The ECU team is actively collaborating with RIoT (Regional Internet of Things), an incubator dedicated to rural entrepreneurship. This partnership focuses on integrating technology and AI into various farming and business ventures, exemplified by a facility in Wilson that supports experimental crop cultivation. Popoviciu and Sawyer are supplying this facility with sensors and instrumentation to monitor crucial environmental parameters like temperature, humidity, and irrigation in greenhouses and hoop houses. This monitoring helps growers assess the feasibility of new crops and alerts staff to critical changes, such as a recent incident where propane tanks unexpectedly ran out of fuel during a cold snap. The long-term vision extends beyond immediate problem-solving; the researchers hope to inspire the next generation of farmers, including the son of their Hyde County farm partner, to embrace technology in agriculture. By demonstrating how technology can streamline operations and solve complex challenges, they aim to bridge the generational gap and attract tech-savvy youth back to the family farm, ensuring the future sustainability and innovation of rural farming communities.

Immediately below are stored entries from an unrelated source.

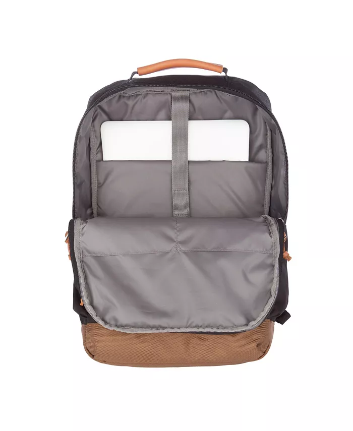Дизайн включает в себя обтянутую кожей ручку для переноски и кожаные застежки-молнии, сочетающие стиль с функциональностью. Для удобства во время ношения рюкзак оснащен мягкой, дышащей сетчатой задней панелью со стеганым рисунком. Мягкие, регулируемые плечевые ремни включают дышащую сетку на нижней стороне, что обеспечивает удобную посадку даже при длительном использовании. Добавляя нотку изысканности, кожаная крепежная квадратная деталь украшает внешнюю часть. Рюкзак предлагает достаточно места для хранения с двумя открытыми боковыми карманами, двумя надежными передними карманами на молнии и большим основным отделением с мягким чехлом для ноутбука, способным вместить 15-дюймовый ноутбук, а также двумя большими открытыми карманами. Внутри дополнительный карман с организацией имеет три высоких кармана, карман с клином, подходящий для телефона, и поводок для ключей, что позволяет легко получить доступ и организовать необходимые вещи во время движения.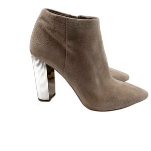 Michael Kors Paloma Booties, pointed toe with a silver heel, grey suede leather, zipper on inside of shoe, size 5,5 gently worn with some scuffs from wearing but in overall good condition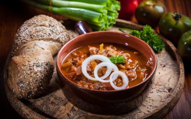 SHUBA радить обрати для гуляшу м’ясо саме зі стегна — воно ароматне та трохи більш жирне, ніж філе. Це надає м’ясній страві насиченішого смаку. Не бійтеся поекспериментувати зі спеціями — окрім стандартних солі та чорного перцю, можна додати паприку, гострий чилі, базилік, часник, орегано чи куркуму. А ось іще кілька рецептів гуляшу для урізноманітнення вашого меню:
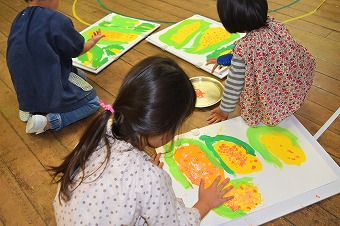 子ども達が順番に自分の手形をペタペタと生地にハンドペインティングしていきました。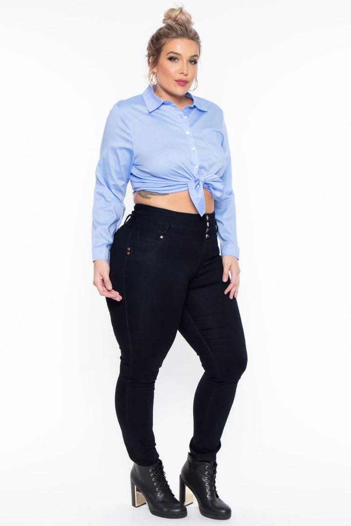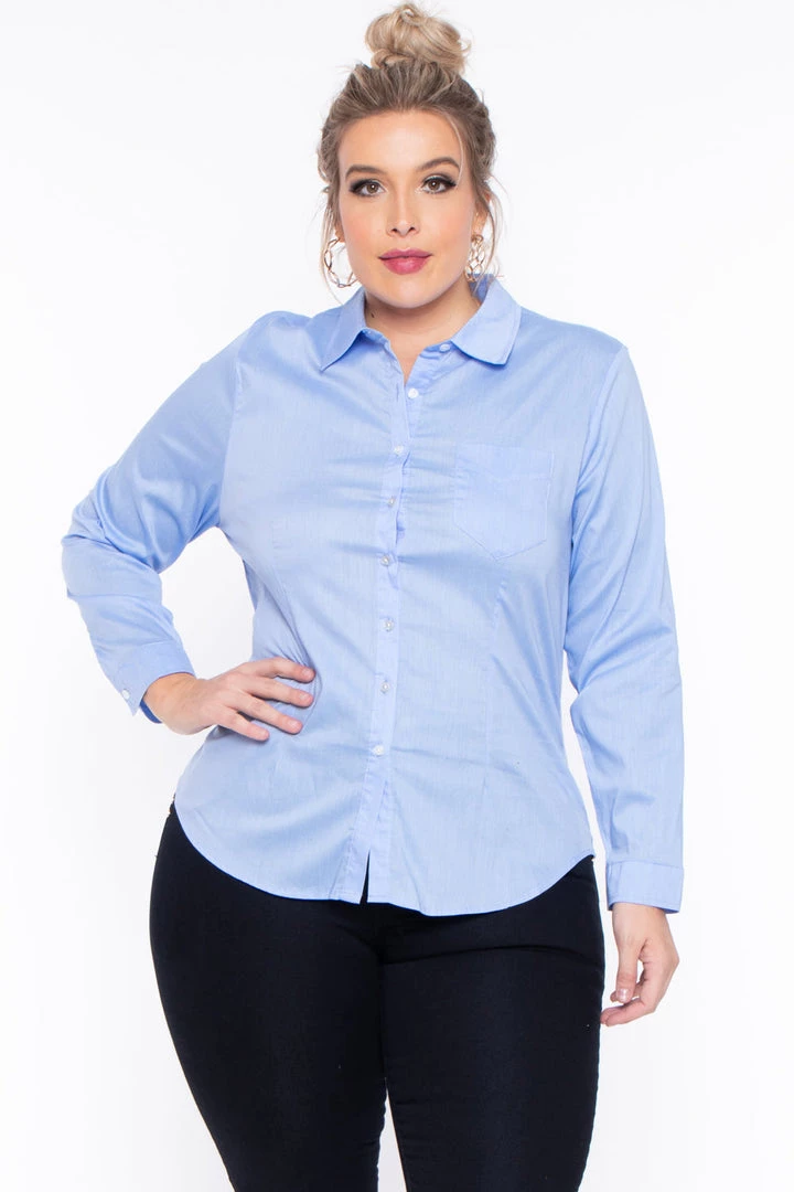 This plus size, tailored top is perfect for a sophisticated look. The Boss Babe features a classic tailored look, 8 button up closure, long sleeves, rounded hemline, and front pocket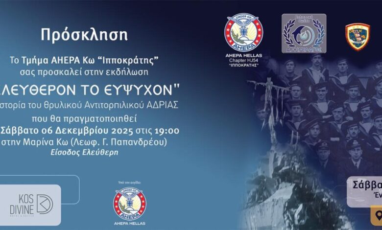 η Ιστορία του Αντιτορπιλικού ΑΔΡΙΑΣ, το Σάββατο στις 6 Δεκεμβρίου 2025 και ώρα έναρξης 19.00, στη Μαρίνα Κω (Λεωφ. Γ. Παπανδρέου)

Despite significant progress and positive impact, the project faces financial constraints, with Popoviciu and Sawyer investing substantial personal time alongside their initial grant funding. The future funding model for the system remains uncertain, with possibilities ranging from county funding for community services to transitioning into an external, university-affiliated entity. Crucially, the system has been developed with cost-effectiveness in mind, making it relatively inexpensive to implement. This grassroots approach contrasts with other projects in wealthier regions that have received millions in grants but, according to Popoviciu, haven't achieved the same practical impact. The core mission is to make this advanced technological "revenue" accessible and easy to adopt for small and medium-sized farms, which typically lack the resources for high-cost solutions. This commitment to affordability and practical utility ensures that the benefits of smart agriculture can reach a broader spectrum of the farming community, democratizing access to cutting-edge AI and IoT solutions.